→ Dataset content:

##############################

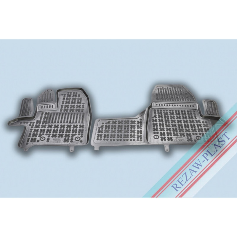 Gumené rohože so zvýšeným okrajom pre Ford Tourneo Custom verzia Titanium, 2 miestna verzia s automatickou prevodovkou (2018->) na mieru. Rohože so zvýšeným okrajom vyrobené presne na mieru interiéru daného vozidla. Vysoká odolnosť, kvalita spracovania a celoročné využitie.
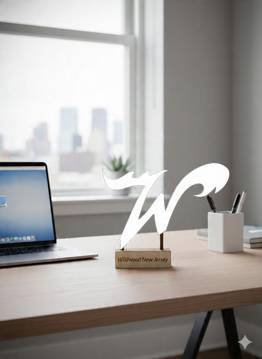 Celebrate your love for the shore with this handcrafted Wildwood NJ “W” desk display. The bold, stylized “W” is laser cut and mounted on a wooden base engraved with “Wildwood New Jersey” — perfect for desks, shelves, or gift giving.
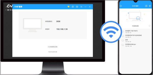 1、手机与电脑分别打开EV扩展屏,手机与电脑需处于同一个网络下。
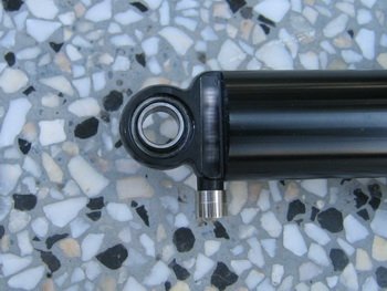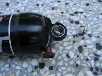 Wypada też wspomnieć o sposobie połączenia dampera z ramą. Otóż w damperze tym zastosowano połączenie kulowe (fotka obok), które w razie małej sztywności ramy zabezpiecza damper przed uszkodzeniem tłumiąc naprężenia powstałe w wyniku gięcia się ramy. Jest to bardzo potrzebne zabezpieczenie, ponieważ damper zbudowany z aluminium 7005 jest tak bardzo wycieniowany, że sztywne połączenie mogłoby być dla niego zabójcze. W testowej ramie Santa Cruz Blur nie ma raczej takiego zagrożenia, ponieważ rama ta ma jeden z najwyższych na świecie współczynników sztywności do wagi wśród ram XC.

##############################

→ Aim of the exercise: I would like the material repeated in full and exactly, with its images omitted.

→ Result of the task:
 Gumené rohože so zvýšeným okrajom pre Ford Tourneo Custom verzia Titanium, 2 miestna verzia s automatickou prevodovkou (2018->) na mieru. Rohože so zvýšeným okrajom vyrobené presne na mieru interiéru daného vozidla. Vysoká odolnosť, kvalita spracovania a celoročné využitie.
 Celebrate your love for the shore with this handcrafted Wildwood NJ “W” desk display. The bold, stylized “W” is laser cut and mounted on a wooden base engraved with “Wildwood New Jersey” — perfect for desks, shelves, or gift giving.
 1、手机与电脑分别打开EV扩展屏,手机与电脑需处于同一个网络下。
 Wypada też wspomnieć o sposobie połączenia dampera z ramą. Otóż w damperze tym zastosowano połączenie kulowe (fotka obok), które w razie małej sztywności ramy zabezpiecza damper przed uszkodzeniem tłumiąc naprężenia powstałe w wyniku gięcia się ramy. Jest to bardzo potrzebne zabezpieczenie, ponieważ damper zbudowany z aluminium 7005 jest tak bardzo wycieniowany, że sztywne połączenie mogłoby być dla niego zabójcze. W testowej ramie Santa Cruz Blur nie ma raczej takiego zagrożenia, ponieważ rama ta ma jeden z najwyższych na świecie współczynników sztywności do wagi wśród ram XC.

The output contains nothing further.